In GPU Pro 2, there's a chapter called "Shader Amortization using Pixel Quad Message Passing", which explains how you can use the derivative functions to communicate between different instances of a pixel shader function, which allows for certain kinds of optimisations to be made.
I've personally used this technique to output to a R10_G10_B10_A2 render target, as if it was a full-resolution R10_G10_B10 target and a half-resolution A8 target, which was pretty useful.
Back to the point, this kind of inter-pixel communication is only possible with "high quality" derivatives. With "low quality" derivatives, only 3 out of every 4 pixels can communicate, with 1 out of 4 pixels being isolated and unable to talk to the others in it's "2x2 quad".
As far as I know, there's no way to query the hardware to see whether "low" or "high" quality derivatives are the default... You can only discover this by attempting to use one of these communication algorithms, and then reading the results to see if it worked or not.
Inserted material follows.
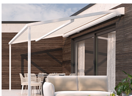
Eclairage LED possible
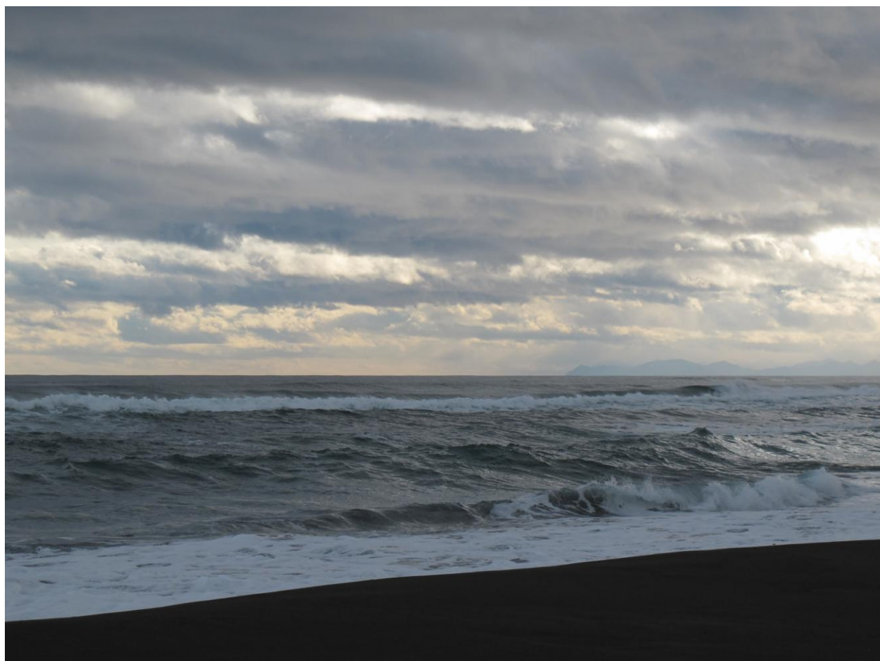
Халактырский пляж, побережье Тихого океана

I guess that if you wanted to use one of these techniques, you could first use the GL hint to kindly request "high" quality derivatives, and then test if your algorithm works, to increase your chances.
n.b. as of DX10/GL3 level hardware, all GPUs support both "low" and "high" quality modes (HLSL has different instructions for each, with the old "dFdx" type instructions being a "don't care" option).